Я серьезно поименно отсчитывал мнимые месяцы, загибая ее крепенькие пальцы. Ровно те девять перстов – месяцев, что Бусенька не была мною чревата.
– Нет, ты мне совсем не веришь, – заключала она.
– Ну, почему же совсем, всего лишь чуть-чуть, – улыбался я ей.
Во что же я должен был поверить? В этот нежный шантаж? В эротическую притчу? В метафизическое расстояние между нами? Ведь разница наших лет была невелика. Литература и жизнь знавали разницы и покруче.
«Дельта делается уже», – в свой очередной день рождения думалось мне, глядя на ее гладкое и чуточку азиатское лицо. Ровная чудная кожа. Ни капли косметики. Вблизи.
Она всегда говорила: «ты мне не веришь».
Он начинала свою речь с вопроса «веришь?» «Слушай, веришь, вот ведь случай сегодня, как я мороженного хочу, не поверишь…» И никакого вопрошения в этих словах не было.
Мне кажется, что она, Буся, всегда где-то рядом.
Поодаль меня. Даже сейчас. Вот тут. Сейчас войдет.
И это чувство, ни взирая ни на что, не проходит, остается со мной как мрачное опьянение собственным прошлым; и его, невзирая на все усилия, мне не перебороть.
Я, думая о моей матери, пытаясь ее представить, сразу вспоминал Бусю и начинал исчислять годы, некие разницы между мною и Бусей, потом мной и матерью, засекать на этой раздвижной шкале свое появление на свет, подозревать смутное время своего зачатия.
И вот мне мнилось:
– в глубокой конвульсивной меже на краю пшеничного поля,
– в неопрятном чужом доме в закутке,
– и, наконец, на экстатически красивой бесконечной пустоши.
Конечно, мне бы хотелось чтобы на пустоши, на фоне прекрасных заволжских далей, – с недвижным облаком в фокусе перегоревших небес. И я передвигал на зыбких шкалах образ местности и время года, точнее род погоды, как магический лимб по логарифмической линейке. Но кто же теперь знает, что это за устройство?
И от правильного совпадения погоды и места моего зачатия, зависел весь мой жизненный путь.
Но они не побереглись ни неблагоприятных погод, ни неопрятных местностей. О спиртном или закуске, повлиявших на сочетающиеся инстанции – и отцовского семени и материнских важных клеток, я и не смею помышлять. Мне не представить ничего кроме огуречно-свекольной отрыжки и невеселого похмелья. Ведь их брак случился лишь потому, что мать оказалась беременна мной. И когда это обнаружила, то предпринимать что-то по искоренению вопиющего следа происшествия было поздно.
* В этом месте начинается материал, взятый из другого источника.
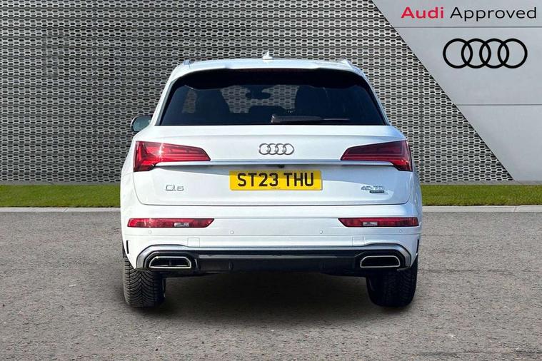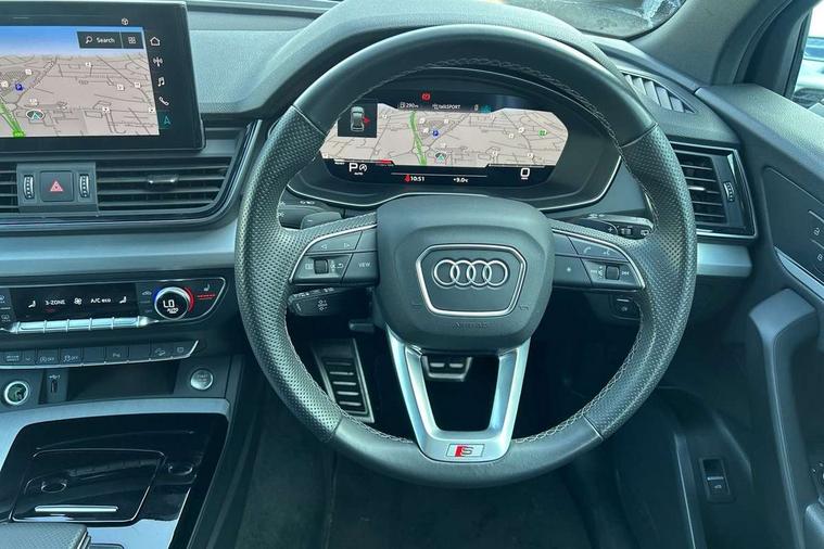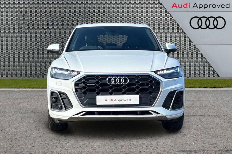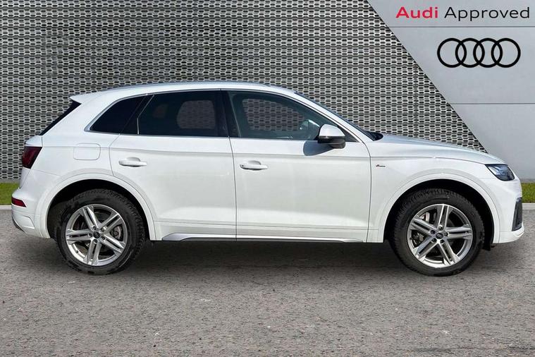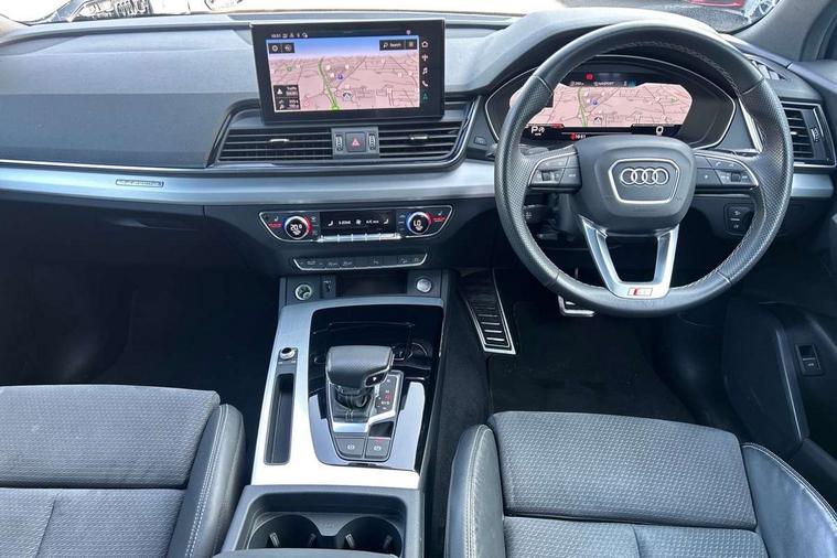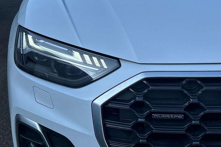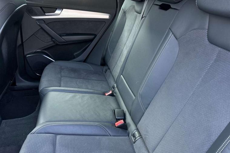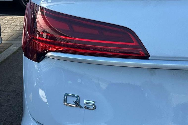 Acoustic front and rear parking sensor, Audi connect safety and service (e-call), Audi drive select, Audi virtual cockpit plus with 12.3" screen and three different layout designs, Audi wireless smartphone interface, Automatic start-stop system with coasting functionality and efficiency programme, Bluetooth interface, Camera based traffic sign recognition, Electro - mechanical power assisted steering, Lane departure warning, MMI navigation plus with 10.1" touch screen, Power tailgate, Reversing camera, Service interval indicator, Voice control system with Audi hotword activation "Hey Audi", Diesel particulate filter, Quattro on demand, S line sports suspension, 2 x USB charging port with aux input socket, 8 loudspeakers, DAB Digital radio, 3rd brake light, Acoustic windscreen, Aluminium roof rails, Auto dimming door mirrors, Auto dimming frameless rear view mirror, Automatic headlight adjustment, Automatic headlights and windscreen wipers, Body colour bumpers, Body colour door mirrors, Body colour rear diffuser with matt aluminium silver surrounds, Body colour underbody protection, Chrome plated exhaust trims, Daytime running lights, Door sills in Selenite silver, Electric adjustable/heated/folding door mirrors, Front air inlet surrounds in aluminium, Front and rear electric windows, Front radiator grille in honeycomb design, LED headlights and LED tail lights, Loading edge protection in stainless steel, Lower bumpers painted in contrast Manhattan grey, Rear chrome trim strip below lights, Rear privacy glass and rear side windows, Rear side wing doors, Rear wiper, Roof bars, S Line badges on the front wing panels, S Line front and rear bumpers, S Line rear spoiler, S Line side skirts, 3 rear headrests, 3 spoke leather multifunction steering wheel with S badging perforated leather grips, Black cloth headlining, Comfort front centre armrest, Contrast stitching on seats, steering wheel and gear lever gaiter, Deluxe 3 zone electronic climate control, Front head restraints, Front sport seats with S embossed logo, Front/rear floor mats, Gear lever in black leather, Heated front seats, Height/reach adjustable steering column, Illuminated door sill trims with S logo, Luggage compartment cover, Manual seat adjustment with 4-way electric lumbar support, Single front passenger seat, Stainless steel pedals, Sunvisors with vanity mirrors, High gloss pack - Q5, LED interior light pack - Q5, 3 point seatbelts on all seats, 6 airbags - Driver, front passenger, curtain and side airbags, Attention and drowsiness assist, Electrically operated child locks on rear doors, Electromechanical parking brake, Electronic stabilisation control including ABS, ASR and EDL, First aid kit with warning triangle and vests, Front passenger airbag deactivation, Hill descent control, Hill hold assist, ISOFIX child seat mounting for front passenger seat and ISOFIX child seat mounting with Top Tether for outer rear seats, Multi collision brake assist, Pop-up bonnet for pedestrian protection, Pre sense city, Seatbelt monitoring, Tyre pressure warning, Anti theft alarm, Anti-theft wheel bolts, Remote central locking, Remote control key with SAFELOCK and keyless go, Air vents inserts and centre console in gloss black, Matt brushed aluminium inlays, Tool kit, Tyre repair kit,

Моя дорогая мама была полной, так что на свадебной фотографии не очень-то и заметно, на каком она месяце. О, если бы у меня была эта самая фотография. А так – я себе только их представляю: вот отец – в грустном штатском костюме и смотрит куда-то вбок, ну чуть-чуть, будто на недалекие межевые столбы. Образ матери я не могу восстановить, как не пытаюсь, она не став зрелищем – ускользает. А, кстати, была ли эта самая свадьба?
Я уверен теперь, что отец меня просто случайно пролил. Или же мною торопливо пролились. Как лучше?
Просто где-то мной насорил отец, и они, мои дорогие, спроси я их с пристрастьем, и не вспомнили бы столь значащие обстоятельства и приметы того скупого торжества.
Но так как я не выбирал ни место, ни способ, ни самих этих людей, я их всех люблю. Ну, как умею, так и люблю.
И эта любовь, ее голый смысл, ее невосполнимая и неистребимая нежность – нудит и изъязвляет меня.
Но вот моя чудесная, не взирая ни на что, моя дивная мать исчезла, так и оставшись в моей жизни траченной проекцией летнего облака, никогда не сползающего с горизонта. Я ведь так часто и столь любовно наблюдал именно этот высокий сегмент ландшафта. В запущенном пьяном парке над Волгой, до полного истирания этого зрелища. Пока голова моя от тупого созерцания не начинала кружиться. Пока долгим вглядыванием я, совсем тупея, не истирал последней точки опоры.
В любом времени года я искал тот самый след. Возвышенный и отчужденный. В пышном оснеженном – зимнем времени, в куцем, каком-то межеумочном – осеннем, и в самом дорогом, всегда меня больно язвящем – летнем.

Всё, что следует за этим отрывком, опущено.